▸ **TASK BRIEF**: The line with "SC_TT_24 (Looking upstream); 12/16/02" marks where to begin; print it and all lines after it in the material below exactly, skipping pictures.

▸ **COLLECTED MATERIAL**:

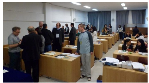
Networking between scheduled presentations at one of Gwangju-Jeonnam's chapter meetings. Scheduled for 20 minutes, break time often is extended to accommodate additional networking.

For more information, visit us regularly online on Facebook (Gwangju-Jeonnam KOTESOL) Chapter at our web and pages (http://www.koreatesol.org/GwangjuJeonna m). Send inquiries to gwangju kotesol@yahoo.com or chosunu@yahoo.com. We hope to see you at our upcoming Chapter events.
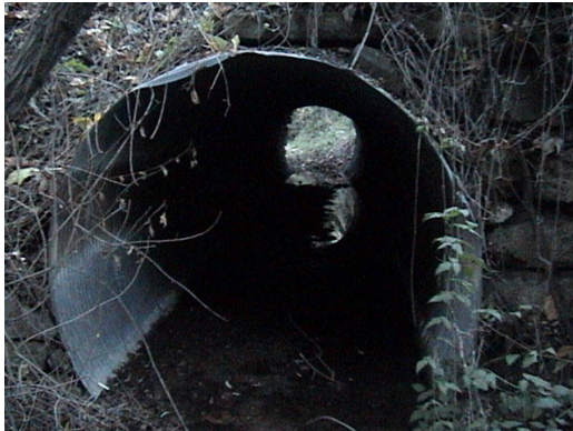
SC_TT_24 (Looking upstream); 12/16/02
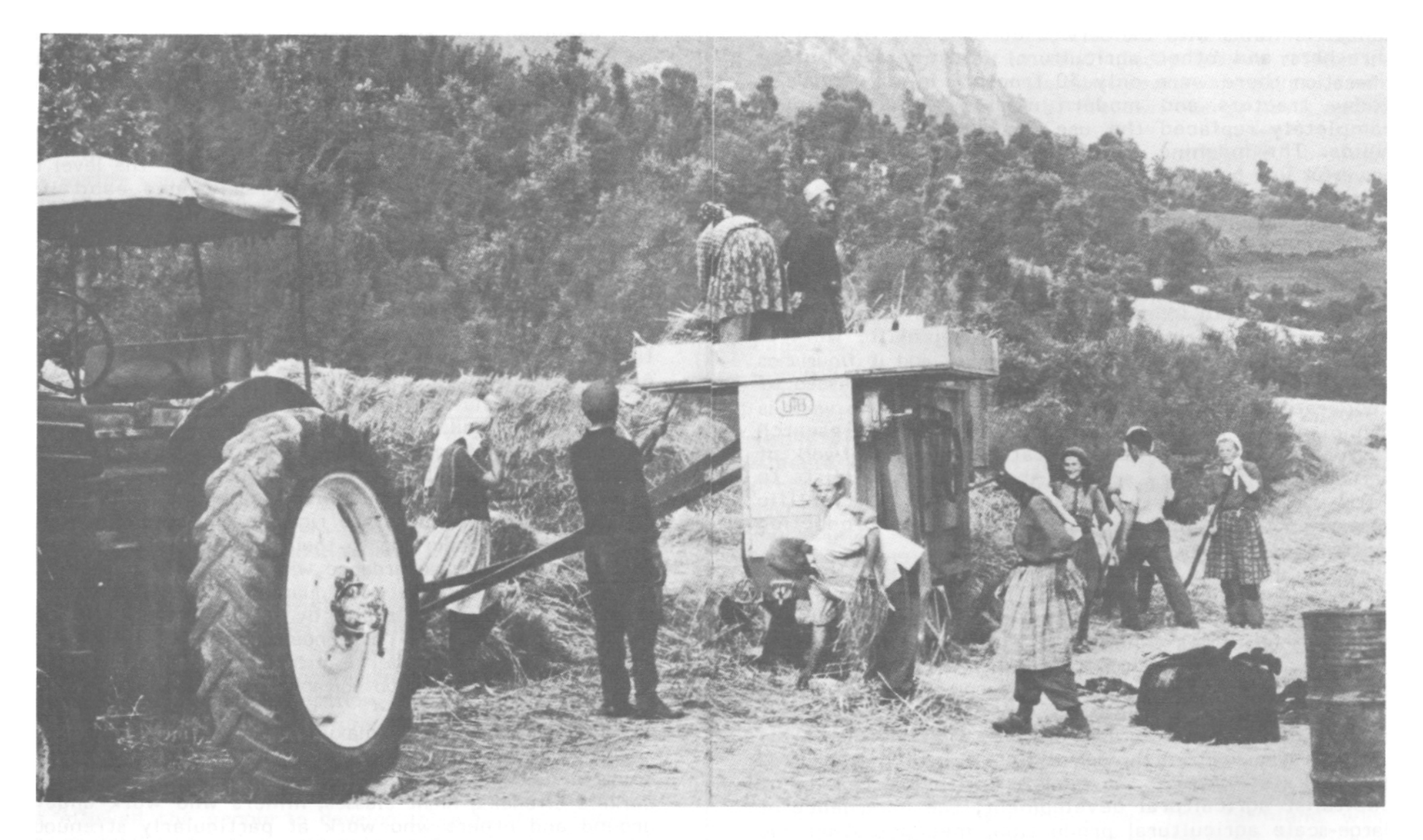
As a result of the socialist transformation of agriculture, production has increased by a phenomenal 500% since liberation.

▸ **ANSWER TO THIS PROBLEM**:
SC_TT_24 (Looking upstream); 12/16/02
As a result of the socialist transformation of agriculture, production has increased by a phenomenal 500% since liberation.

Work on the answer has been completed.